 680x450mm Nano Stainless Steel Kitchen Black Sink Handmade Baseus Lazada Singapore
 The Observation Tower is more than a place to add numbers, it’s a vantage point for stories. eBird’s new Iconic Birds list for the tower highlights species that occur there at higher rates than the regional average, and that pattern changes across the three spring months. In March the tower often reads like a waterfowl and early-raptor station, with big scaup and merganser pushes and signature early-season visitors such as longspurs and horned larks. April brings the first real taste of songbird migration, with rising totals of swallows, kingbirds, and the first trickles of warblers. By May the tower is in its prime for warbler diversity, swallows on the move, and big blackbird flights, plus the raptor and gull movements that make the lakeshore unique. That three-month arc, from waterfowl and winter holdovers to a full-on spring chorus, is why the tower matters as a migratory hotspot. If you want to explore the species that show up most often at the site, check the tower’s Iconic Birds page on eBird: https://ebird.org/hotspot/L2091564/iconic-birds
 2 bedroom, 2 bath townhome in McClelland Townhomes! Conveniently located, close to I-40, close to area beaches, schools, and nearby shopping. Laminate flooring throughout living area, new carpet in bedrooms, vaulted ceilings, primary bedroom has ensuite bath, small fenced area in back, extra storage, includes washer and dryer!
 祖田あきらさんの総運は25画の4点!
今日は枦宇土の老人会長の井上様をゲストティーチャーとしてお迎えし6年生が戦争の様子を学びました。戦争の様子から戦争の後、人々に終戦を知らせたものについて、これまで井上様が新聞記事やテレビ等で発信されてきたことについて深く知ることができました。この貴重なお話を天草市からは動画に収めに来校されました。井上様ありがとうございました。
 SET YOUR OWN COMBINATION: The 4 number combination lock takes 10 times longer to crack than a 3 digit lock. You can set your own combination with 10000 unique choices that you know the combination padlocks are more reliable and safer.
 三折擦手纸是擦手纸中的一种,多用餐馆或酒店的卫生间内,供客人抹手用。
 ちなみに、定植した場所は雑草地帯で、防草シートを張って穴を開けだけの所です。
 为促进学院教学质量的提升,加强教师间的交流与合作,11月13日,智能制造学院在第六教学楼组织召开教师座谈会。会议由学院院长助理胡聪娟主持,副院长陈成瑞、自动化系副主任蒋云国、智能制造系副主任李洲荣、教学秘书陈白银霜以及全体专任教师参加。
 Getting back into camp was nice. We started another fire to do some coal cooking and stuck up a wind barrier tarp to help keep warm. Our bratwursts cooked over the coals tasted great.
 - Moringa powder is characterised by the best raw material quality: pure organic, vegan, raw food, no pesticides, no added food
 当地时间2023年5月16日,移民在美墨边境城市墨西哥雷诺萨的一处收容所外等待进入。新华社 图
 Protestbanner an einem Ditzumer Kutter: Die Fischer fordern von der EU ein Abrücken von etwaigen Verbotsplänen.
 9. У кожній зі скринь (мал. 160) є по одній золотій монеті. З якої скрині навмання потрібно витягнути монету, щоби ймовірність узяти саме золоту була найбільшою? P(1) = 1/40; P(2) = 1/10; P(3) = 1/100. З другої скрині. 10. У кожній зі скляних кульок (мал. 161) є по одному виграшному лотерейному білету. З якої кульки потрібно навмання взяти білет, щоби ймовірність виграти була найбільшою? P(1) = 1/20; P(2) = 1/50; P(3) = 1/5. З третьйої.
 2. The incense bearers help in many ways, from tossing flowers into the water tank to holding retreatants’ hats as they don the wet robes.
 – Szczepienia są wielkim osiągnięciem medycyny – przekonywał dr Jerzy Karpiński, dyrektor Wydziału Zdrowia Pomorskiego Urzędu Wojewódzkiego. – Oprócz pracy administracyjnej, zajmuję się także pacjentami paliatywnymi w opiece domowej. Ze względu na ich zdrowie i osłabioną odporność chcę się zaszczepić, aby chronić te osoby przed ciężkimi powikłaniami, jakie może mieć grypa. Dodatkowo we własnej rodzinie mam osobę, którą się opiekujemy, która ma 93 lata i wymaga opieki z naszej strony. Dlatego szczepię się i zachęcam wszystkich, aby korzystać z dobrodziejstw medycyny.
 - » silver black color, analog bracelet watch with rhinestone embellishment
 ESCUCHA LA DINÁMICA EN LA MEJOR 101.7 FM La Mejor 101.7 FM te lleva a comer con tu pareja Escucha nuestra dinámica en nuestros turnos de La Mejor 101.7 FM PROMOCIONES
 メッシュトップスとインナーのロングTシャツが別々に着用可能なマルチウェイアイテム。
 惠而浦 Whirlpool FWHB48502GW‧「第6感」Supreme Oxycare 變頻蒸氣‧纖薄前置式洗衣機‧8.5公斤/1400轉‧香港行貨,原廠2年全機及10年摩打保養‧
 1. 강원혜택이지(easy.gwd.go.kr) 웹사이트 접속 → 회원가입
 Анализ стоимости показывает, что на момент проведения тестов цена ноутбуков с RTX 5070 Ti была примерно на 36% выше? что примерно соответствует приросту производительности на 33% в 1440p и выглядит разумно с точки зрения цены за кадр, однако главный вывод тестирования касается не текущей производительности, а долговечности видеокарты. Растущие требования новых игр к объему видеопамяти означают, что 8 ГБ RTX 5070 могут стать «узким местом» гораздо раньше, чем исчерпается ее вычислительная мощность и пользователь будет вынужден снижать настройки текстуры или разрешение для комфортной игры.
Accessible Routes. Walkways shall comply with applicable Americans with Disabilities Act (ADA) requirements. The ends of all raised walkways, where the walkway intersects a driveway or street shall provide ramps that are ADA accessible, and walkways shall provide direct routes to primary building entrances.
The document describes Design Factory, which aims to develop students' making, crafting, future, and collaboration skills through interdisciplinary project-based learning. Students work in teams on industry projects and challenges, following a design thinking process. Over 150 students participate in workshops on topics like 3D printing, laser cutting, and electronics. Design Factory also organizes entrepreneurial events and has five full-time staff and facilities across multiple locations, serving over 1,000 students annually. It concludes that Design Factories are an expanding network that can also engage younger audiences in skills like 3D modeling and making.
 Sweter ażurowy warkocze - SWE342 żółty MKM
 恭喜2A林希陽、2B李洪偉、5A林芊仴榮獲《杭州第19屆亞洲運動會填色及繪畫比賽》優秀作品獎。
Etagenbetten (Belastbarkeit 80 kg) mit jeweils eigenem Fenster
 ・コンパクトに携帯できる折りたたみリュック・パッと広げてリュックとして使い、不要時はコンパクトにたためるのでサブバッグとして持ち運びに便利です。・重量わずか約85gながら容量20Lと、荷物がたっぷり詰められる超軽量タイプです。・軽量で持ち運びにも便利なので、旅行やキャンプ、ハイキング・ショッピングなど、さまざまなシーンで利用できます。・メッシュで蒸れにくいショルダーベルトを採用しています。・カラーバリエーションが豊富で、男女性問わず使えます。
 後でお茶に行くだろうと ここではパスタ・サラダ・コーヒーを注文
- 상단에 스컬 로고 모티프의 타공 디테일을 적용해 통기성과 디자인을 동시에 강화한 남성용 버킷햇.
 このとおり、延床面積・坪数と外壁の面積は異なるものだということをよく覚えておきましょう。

+ + + +

TASK DETAILS
Set down every record above, word for word.

EXERCISE SOLUTION
 680x450mm Nano Stainless Steel Kitchen Black Sink Handmade Baseus Lazada Singapore
 The Observation Tower is more than a place to add numbers, it’s a vantage point for stories. eBird’s new Iconic Birds list for the tower highlights species that occur there at higher rates than the regional average, and that pattern changes across the three spring months. In March the tower often reads like a waterfowl and early-raptor station, with big scaup and merganser pushes and signature early-season visitors such as longspurs and horned larks. April brings the first real taste of songbird migration, with rising totals of swallows, kingbirds, and the first trickles of warblers. By May the tower is in its prime for warbler diversity, swallows on the move, and big blackbird flights, plus the raptor and gull movements that make the lakeshore unique. That three-month arc, from waterfowl and winter holdovers to a full-on spring chorus, is why the tower matters as a migratory hotspot. If you want to explore the species that show up most often at the site, check the tower’s Iconic Birds page on eBird: https://ebird.org/hotspot/L2091564/iconic-birds
 2 bedroom, 2 bath townhome in McClelland Townhomes! Conveniently located, close to I-40, close to area beaches, schools, and nearby shopping. Laminate flooring throughout living area, new carpet in bedrooms, vaulted ceilings, primary bedroom has ensuite bath, small fenced area in back, extra storage, includes washer and dryer!
 祖田あきらさんの総運は25画の4点!
今日は枦宇土の老人会長の井上様をゲストティーチャーとしてお迎えし6年生が戦争の様子を学びました。戦争の様子から戦争の後、人々に終戦を知らせたものについて、これまで井上様が新聞記事やテレビ等で発信されてきたことについて深く知ることができました。この貴重なお話を天草市からは動画に収めに来校されました。井上様ありがとうございました。
 SET YOUR OWN COMBINATION: The 4 number combination lock takes 10 times longer to crack than a 3 digit lock. You can set your own combination with 10000 unique choices that you know the combination padlocks are more reliable and safer.
 三折擦手纸是擦手纸中的一种,多用餐馆或酒店的卫生间内,供客人抹手用。
 ちなみに、定植した場所は雑草地帯で、防草シートを張って穴を開けだけの所です。
 为促进学院教学质量的提升,加强教师间的交流与合作,11月13日,智能制造学院在第六教学楼组织召开教师座谈会。会议由学院院长助理胡聪娟主持,副院长陈成瑞、自动化系副主任蒋云国、智能制造系副主任李洲荣、教学秘书陈白银霜以及全体专任教师参加。
 Getting back into camp was nice. We started another fire to do some coal cooking and stuck up a wind barrier tarp to help keep warm. Our bratwursts cooked over the coals tasted great.
 - Moringa powder is characterised by the best raw material quality: pure organic, vegan, raw food, no pesticides, no added food
 当地时间2023年5月16日,移民在美墨边境城市墨西哥雷诺萨的一处收容所外等待进入。新华社 图
 Protestbanner an einem Ditzumer Kutter: Die Fischer fordern von der EU ein Abrücken von etwaigen Verbotsplänen.
 9. У кожній зі скринь (мал. 160) є по одній золотій монеті. З якої скрині навмання потрібно витягнути монету, щоби ймовірність узяти саме золоту була найбільшою? P(1) = 1/40; P(2) = 1/10; P(3) = 1/100. З другої скрині. 10. У кожній зі скляних кульок (мал. 161) є по одному виграшному лотерейному білету. З якої кульки потрібно навмання взяти білет, щоби ймовірність виграти була найбільшою? P(1) = 1/20; P(2) = 1/50; P(3) = 1/5. З третьйої.
 2. The incense bearers help in many ways, from tossing flowers into the water tank to holding retreatants’ hats as they don the wet robes.
 – Szczepienia są wielkim osiągnięciem medycyny – przekonywał dr Jerzy Karpiński, dyrektor Wydziału Zdrowia Pomorskiego Urzędu Wojewódzkiego. – Oprócz pracy administracyjnej, zajmuję się także pacjentami paliatywnymi w opiece domowej. Ze względu na ich zdrowie i osłabioną odporność chcę się zaszczepić, aby chronić te osoby przed ciężkimi powikłaniami, jakie może mieć grypa. Dodatkowo we własnej rodzinie mam osobę, którą się opiekujemy, która ma 93 lata i wymaga opieki z naszej strony. Dlatego szczepię się i zachęcam wszystkich, aby korzystać z dobrodziejstw medycyny.
 - » silver black color, analog bracelet watch with rhinestone embellishment
 ESCUCHA LA DINÁMICA EN LA MEJOR 101.7 FM La Mejor 101.7 FM te lleva a comer con tu pareja Escucha nuestra dinámica en nuestros turnos de La Mejor 101.7 FM PROMOCIONES
 メッシュトップスとインナーのロングTシャツが別々に着用可能なマルチウェイアイテム。
 惠而浦 Whirlpool FWHB48502GW‧「第6感」Supreme Oxycare 變頻蒸氣‧纖薄前置式洗衣機‧8.5公斤/1400轉‧香港行貨,原廠2年全機及10年摩打保養‧
 1. 강원혜택이지(easy.gwd.go.kr) 웹사이트 접속 → 회원가입
 Анализ стоимости показывает, что на момент проведения тестов цена ноутбуков с RTX 5070 Ti была примерно на 36% выше? что примерно соответствует приросту производительности на 33% в 1440p и выглядит разумно с точки зрения цены за кадр, однако главный вывод тестирования касается не текущей производительности, а долговечности видеокарты. Растущие требования новых игр к объему видеопамяти означают, что 8 ГБ RTX 5070 могут стать «узким местом» гораздо раньше, чем исчерпается ее вычислительная мощность и пользователь будет вынужден снижать настройки текстуры или разрешение для комфортной игры.
Accessible Routes. Walkways shall comply with applicable Americans with Disabilities Act (ADA) requirements. The ends of all raised walkways, where the walkway intersects a driveway or street shall provide ramps that are ADA accessible, and walkways shall provide direct routes to primary building entrances.
The document describes Design Factory, which aims to develop students' making, crafting, future, and collaboration skills through interdisciplinary project-based learning. Students work in teams on industry projects and challenges, following a design thinking process. Over 150 students participate in workshops on topics like 3D printing, laser cutting, and electronics. Design Factory also organizes entrepreneurial events and has five full-time staff and facilities across multiple locations, serving over 1,000 students annually. It concludes that Design Factories are an expanding network that can also engage younger audiences in skills like 3D modeling and making.
 Sweter ażurowy warkocze - SWE342 żółty MKM
 恭喜2A林希陽、2B李洪偉、5A林芊仴榮獲《杭州第19屆亞洲運動會填色及繪畫比賽》優秀作品獎。
Etagenbetten (Belastbarkeit 80 kg) mit jeweils eigenem Fenster
 ・コンパクトに携帯できる折りたたみリュック・パッと広げてリュックとして使い、不要時はコンパクトにたためるのでサブバッグとして持ち運びに便利です。・重量わずか約85gながら容量20Lと、荷物がたっぷり詰められる超軽量タイプです。・軽量で持ち運びにも便利なので、旅行やキャンプ、ハイキング・ショッピングなど、さまざまなシーンで利用できます。・メッシュで蒸れにくいショルダーベルトを採用しています。・カラーバリエーションが豊富で、男女性問わず使えます。
 後でお茶に行くだろうと ここではパスタ・サラダ・コーヒーを注文
- 상단에 스컬 로고 모티프의 타공 디테일을 적용해 통기성과 디자인을 동시에 강화한 남성용 버킷햇.
 このとおり、延床面積・坪数と外壁の面積は異なるものだということをよく覚えておきましょう。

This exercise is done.